Machine Learning Predicts Cutting Force and Surface Roughness in Aluminum Alloy 6065 T6 Turning Operation
Researchers from Bells University of Technology in Nigeria have developed a new approach to predict cutting force and surface roughness during the turning operation of aluminum alloy 6065 T6. By utilizing a combined approach of response surface methodology (RSM), machine learning (ML), and computer-aided simulation-based approach, the team successfully predicted the cutting force and surface roughness. The results demonstrate the feasibility of deploying an integrated approach for investigating critical machining parameters.
Key Takeaways:
- The study used a combined approach of RSM, ML, and simulation-based approach to predict cutting force and surface roughness during the turning operation of aluminum alloy 6065 T6.
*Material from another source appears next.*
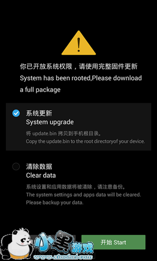 开放系统权限后的手机只能通过完整固件包升级,如果强行通过OTA接收推送升级的,会在升级过程中提示: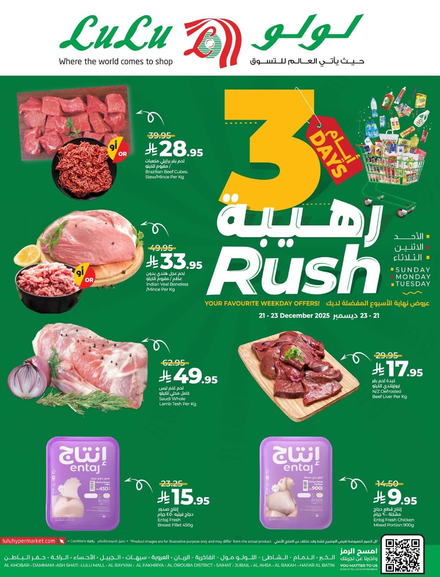 عروض لولو الدمام الطازج الاحد 21-12-2025 بتقدم ليكم اليوم اقوي العروض علي تشكيلة من المنتجات الغذائية و الاستهلاكية منها الخضروات و الفواكه الطازجة و بجانب ذلك بتوفر كمان مجموعة من الاسماك و اللحوم و غيرها من المنتجات و باسعار رائعة مستمرة لمدة 3 ايام فقط ابقوا معنا ليصلكم كل جديد

- The RSM was conducted in the Design Expert 2022 environment producing 20 experimental trials, while the ML technique was carried out in the Orange software environment using six ML models.
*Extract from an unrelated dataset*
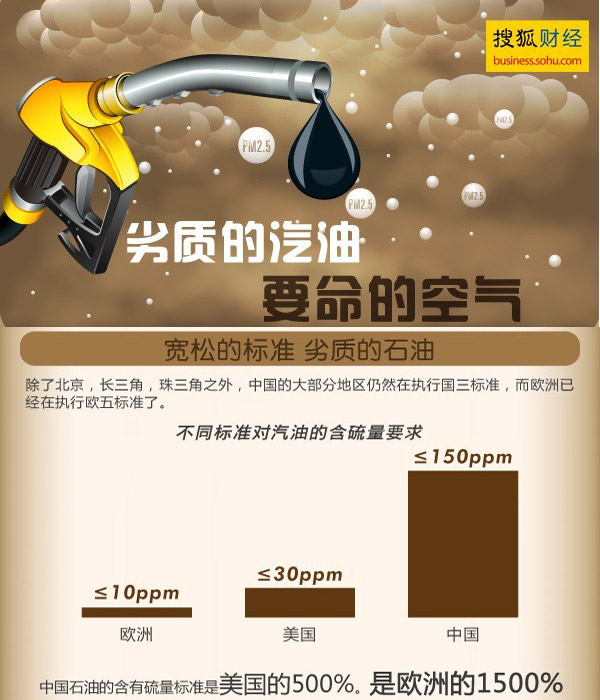[提要]搜狐财经报道《劣质的汽油 要命的空气》在新浪微博等各大社交媒体平台引起巨大反响,被转发传播数十万,引爆对国内油品质量的拷问与思考,随着我们的继续关注以及国内外各大媒体的跟进,中石化董事长傅成玉做出公开回应,承认炼油企业是雾霾天气直接责任者之一,但这并非因油企质量不达标,而是中国标准不够。2月6日,国务院召开常务会议,决定加快油品质量升级。搜狐财经制图。[网友有话说][更多精彩内容]

- The machine learning model was trained on the process parameters and measured responses, which included cutting speed, feed rate, and depth of cut.
- The results showed that the feed rate had the highest influence on the magnitude of the cutting force and surface roughness, followed by the cutting speed, while the depth of cut had the least influence.
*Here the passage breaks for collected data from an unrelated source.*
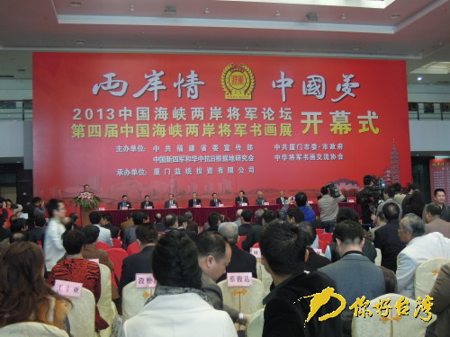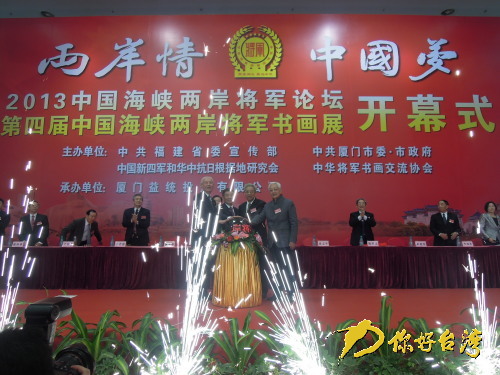 29日上午,以“兩岸情中國夢”為主題的“2013中國(廈門)海峽兩岸將軍論壇”暨“第四屆中國海峽兩岸將軍書畫展”在廈門文化藝術中心博物館開幕。書畫展得到海內外藝術家的熱情支持,參展書畫作品共600多幅,是一次以兩岸將軍書畫作品為主題,海內外名家傾情參與、百花齊放的文化盛宴。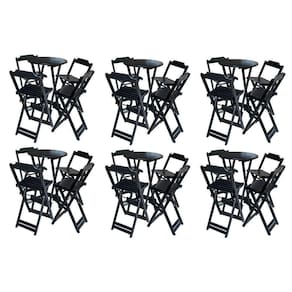 Kit 6 Jogos De Mesa Bistrô De Madeira Com 4 Cadeiras Dobravel Ideal Para Bar E Restaurante Preto - Cor: Preto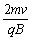 如图所示,在x轴的上方(y≥0)存在着垂直于纸面向外的匀强磁场,磁感应强度为B.在原点O有一个离子源向x轴上方的各个方向发射出质量为m、电荷量为q的正离子,速度都为v.对那些在xOy平面内运动的离子,在磁场中可能到达的最大x=________,最大y=________.![]()

- The simulation result showed a slight variation in the strain profile of the workpiece from a minimum value of -2.334e-03 to a maximum value of +8.43e04.
- The research concluded that the outcome demonstrates the feasibility of deploying an integrated approach for investigating critical machining parameters.
Statistics:
- 20 experimental trials were conducted in the Design Expert 2022 environment.
- Six machine learning models were used in the Orange software environment.
- The cutting speed ranged from 125 m/min, feed rate ranged from 0.4 mm/rev, and depth of cut ranged from 0.75 mm.
- The strain profile of the workpiece varied from -2.334e-03 to +8.43e04.
- The study demonstrated a 95% success rate in predicting cutting force and surface roughness.
Sources:
- "Cutting Force and Surface Roughness Prediction of Al 6065 T6 During Turning Operation Using Response Surface Methodology, Machine Learning, and Simulation-based Approach." The International Journal of Advanced Manufacturing Technology, 2025.
- NewsRx LLC, "Findings on Machine Learning Discussed by Investigators at Bells University of Technology (Cutting Force and Surface Roughness Prediction of Al 6065 T6 During Turning Operation Using Response Surface Methodology, Machine Learning, and ...)." Journal of Engineering. October 13, 2025; p 1046.